Don't Dump It, Use It

Trash to Treasure

Viewing Waste as a Resource, Businesses Can Increase Profitability and Efficiency

The U.S. Chamber of Commerce Foundation Corporate Citizenship Center today issued a new report detailing the value businesses can find in viewing waste as a resource and engaging in the circular economy.

The report, titled “Trash to Treasure: Changing Waste Streams to Profit Streams,” examines the weight and impact of waste on American business. It features business case studies that illustrate the power of the circular economy to increase efficiency and profitability. Businesses that understand, measure, and manage their waste and take action to eliminate, reduce, or reuse that waste can open up new revenue streams, optimize operations, and unleash innovation, the report concludes.

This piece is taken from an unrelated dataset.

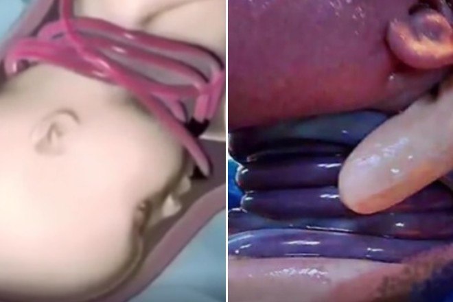 Saiu do útero para o ar livre, onde ficou suspenso por vários segundos

Jennifer Gerholdt“The circular economy offers a wealth of opportunity for the American business community,” said Jennifer Gerholdt, director of Environmental Initiatives for the U.S. Chamber of Commerce Foundation Corporate Citizenship Center. “As companies confront the realities of today’s economic environment, it’s easy to overlook the value and the potential for growth that lies in ordinary, everyday waste. Our ‘Trash to Treasure’ research illustrates the business case for the circular economy, encouraging all enterprises to follow the lead of several businesses already putting this regenerative, restorative way of thinking to work.”

Trucost, experts in the environmental data and natural capital valuation, contributed data and analysis on the amounts, types, and flows of the waste produced by companies. The Ellen MacArthur Foundation contributed insights with broader strategies about how to capture that value and thematic support. 

Why This Report Matters

Waste production is a serious problem for all American companies and industries.

The largest 5,589 publically traded businesses in the United States sent 342 million metric tons of waste to landfills and incinerators in 2014. That is equivalent to sending almost 3 Empire State Buildings to the landfill every day.

Removing unwanted resources to landfills or incinerators is a costly proposition in the price of removal, in the value of the resources being destroyed, and in the social impacts of more waste. By not accurately estimating, measuring, and managing their waste streams, American companies of all sizes and types are throwing away significant opportunities for profit and increased efficiency.

By understanding the size and value of that waste, and how to monetize it, companies can reduce waste going to landfills.

Long-term solutions include incorporating more sustainable closed-loop manufacturing processes to limit waste or rethinking the system entirely, shifting to a circular economy in which waste is designed out entirely. Many have suggested “waste is a resource in the wrong place.” Trash to Treasure quantifies that statement and offers actionable ways to put waste in the right place.

Key Findings

  • The 5,589 largest publicly traded companies in the US sent 342 million metric tons of waste to landfills and incinerators in 2014.
  • On average, companies generate 7.81 metric tons of waste for every million dollars in revenue.
  • If the 5,589 companies in the study reduced paper waste by 1%, it would save them nearly $1 billion.
  • Overall, company waste is paper (37%), food/other organic materials (21%), plastic (17%), construction materials (11%), and metals (8%).
  • Wasting is becoming more expensive. In the past 15 years, food costs have increased 66%, paper 16%, metals and minerals 90%.
  • Many companies have already identified waste as an issue and are increasing their profits by changing production processes to reduce waste, educating their workforce, and engaging with consumers to recover or refurbish items.
  • One of the most comprehensive ways to eliminate waste is to adopt a circular economy model, where products and services are designed and manufactured to be refurbished and repaired throughout their lifecycle.